Я делаю глубокий вдох. Дыхание перехватывает от резкой вони, исходящей от китового жира, горящего в лампах – а ведь раньше этот рыбный запах никогда меня не тревожил. Из углов отчетливо тянет отцовским табаком.
– Ты не заболел? – встревоженно спрашивает матушка, нахмурив лоб.
– Нет, – отвечаю я и прочищаю горло. – Просто устал. Путь был долгим и утомительным. Но это всё не важно, – поспешно добавляю я, заметив, как ввалились ее щеки. – Как вы?
– Сейчас мне гораздо легче. Не стоит за меня переживать!
– Правда?
Она хватает меня за запястья.
– Ступай наверх и хорошенько отдохни! У тебя страшно измученный вид!
Повернув голову, заглядываю в гостиную.
– Я писал Эльмире из университета.
– Не удивительно. Ты ведь ухаживаешь за этой девушкой еще с нашего переезда в этот дом.
– А больше за ней никто не ухаживает, случаем? Вы не видели?
– Мой дорогой, подглядывать за Ройстерами не в моем обыкновении.
Я оставляю матушку и подбегаю к ближайшему окну.
Перед домом Ройстеров стоят две повозки – вероятно, присланные из городских лавок. Слуги торопливо несут в дом бутылки вина и корзины, полные цветов.
– За эти десять месяцев она не ответила ни на одно мое письмо, – нервно приглаживая волосы, сообщаю я.
– Ах… Эдди…
– Я писал ей каждый месяц.
Матушка подходит ко мне сзади и ласково кладет руку мне на плечо.
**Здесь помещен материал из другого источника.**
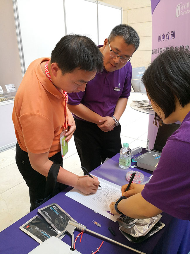 在創(chuàng)新研究基礎(chǔ)上,本次會(huì)議吸引了國(guó)內(nèi)外院士、知名專家學(xué)者。大會(huì)期間,我司速豐?可吸收止血結(jié)扎夾展臺(tái)一如既往地受到眾多與會(huì)者的關(guān)注與互動(dòng)體驗(yàn),并現(xiàn)場(chǎng)登記申請(qǐng),希望獲到產(chǎn)品試用機(jī)會(huì)。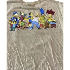 The Simpsons Men T Shirt Embroidered Front Logo back desing Size XL Cream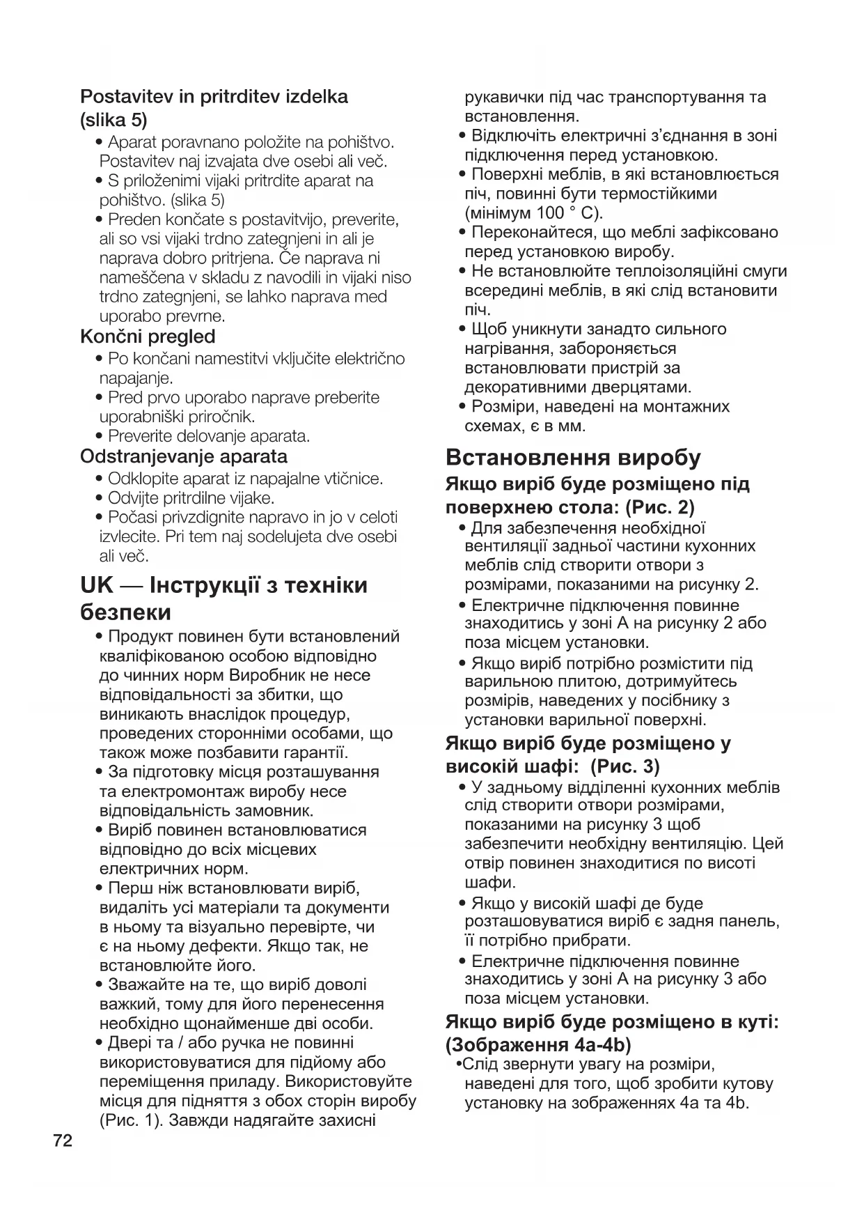 - Слід звернути увагу на розміри, наведені для того, щоб зробити кутову установку на зображеннях 4а та 4b.73 Підключення приладу до електропостачання

– Наверняка виной всему какое-то досадное недоразумение…
Я слегка подаюсь вперед, чтобы лучше видеть дом Эльмиры, в котором, судя по всему, царит оживление.
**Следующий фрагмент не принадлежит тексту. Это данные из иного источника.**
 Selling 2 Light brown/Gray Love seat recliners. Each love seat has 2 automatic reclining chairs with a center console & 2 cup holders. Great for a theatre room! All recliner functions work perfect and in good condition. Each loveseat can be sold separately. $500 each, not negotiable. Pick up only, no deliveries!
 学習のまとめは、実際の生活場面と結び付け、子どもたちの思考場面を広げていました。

– А что, у Ройстеров сегодня какой-то праздник?
Матушка тоже выглядывает в окно.
– Возможно. Помнится, в прошлом году они устроили грандиозный званый вечер незадолго до Рождества. Ты разве к ним не ходил?
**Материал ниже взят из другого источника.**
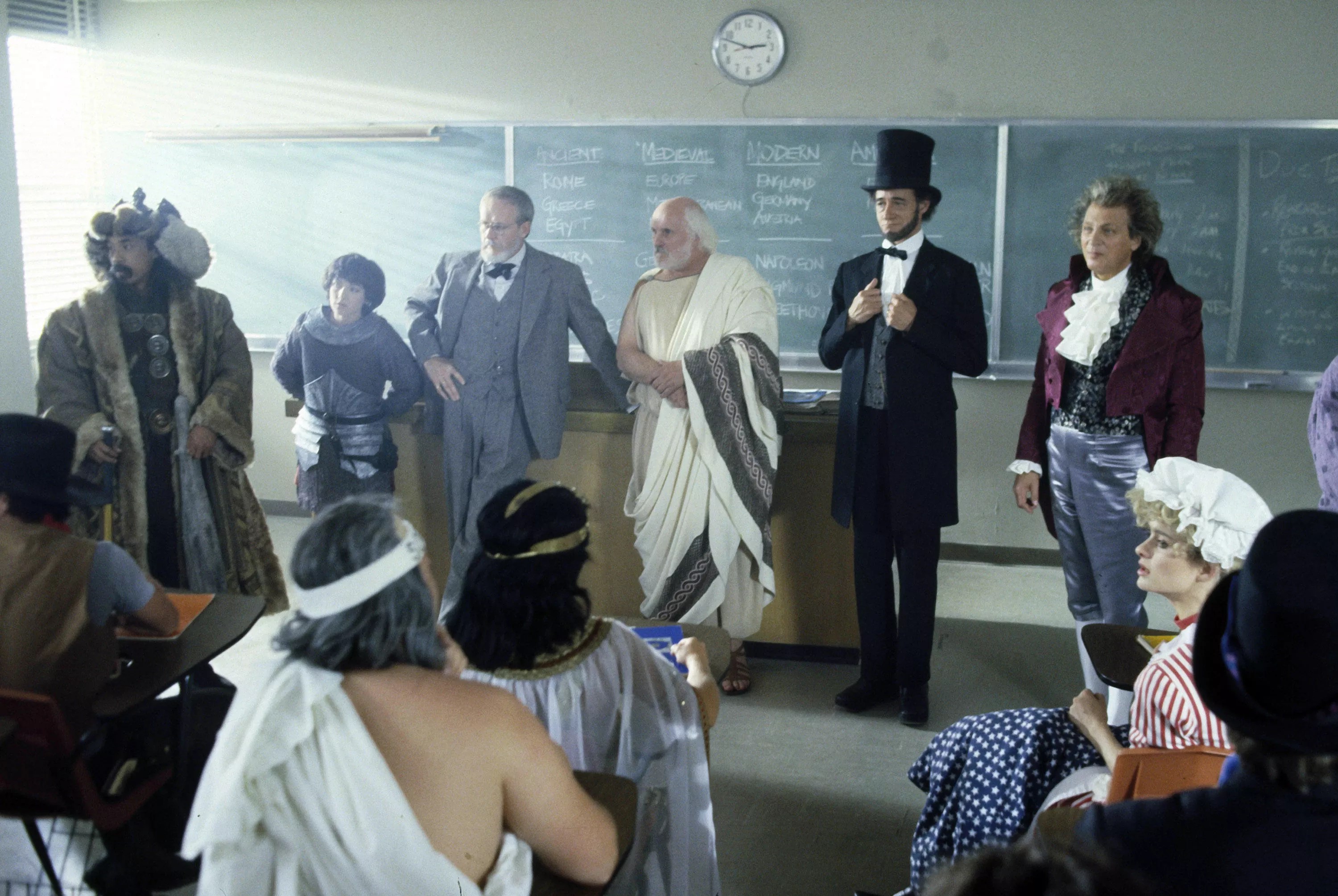 Historical figures from “Bill & Ted’s Excellent Adventure” (from left): Al Leong as Genghis Khan, Jane Wiedlin as Joan of Arc, Rod Loomis as Sigmund Freud, Tony Steedman as Socrates, Robert V. Barron as Abraham Lincoln and Clifford David as Ludwig van Beethoven during a scene filmed at East High School in Phoenix that was cut from the movie.

Я возвращаю портьеру на место.
– Может, мне к ним заглянуть?
– Нас не приглашали, но, возможно, потому что соседи знают, что из-за болезни я не расположена к общению…
– Да, схожу, пожалуй.
– Но ты ведь страшно устал, какие тут гости! Может, лучше остаться дома? Давай пригласим твою сестру на ужин…
– Я ужасно соскучился по Эльмире. Хочу ее удивить.
– Ну разумеется. – Матушка помогает мне снять дорожное пальто. Ее движения так мягки и ласковы, так не похожи на грубые толчки локтями и хлопки по спине, которыми без конца обмениваются студенты. – Думаю, она придет в восторг от того, как ты изменился!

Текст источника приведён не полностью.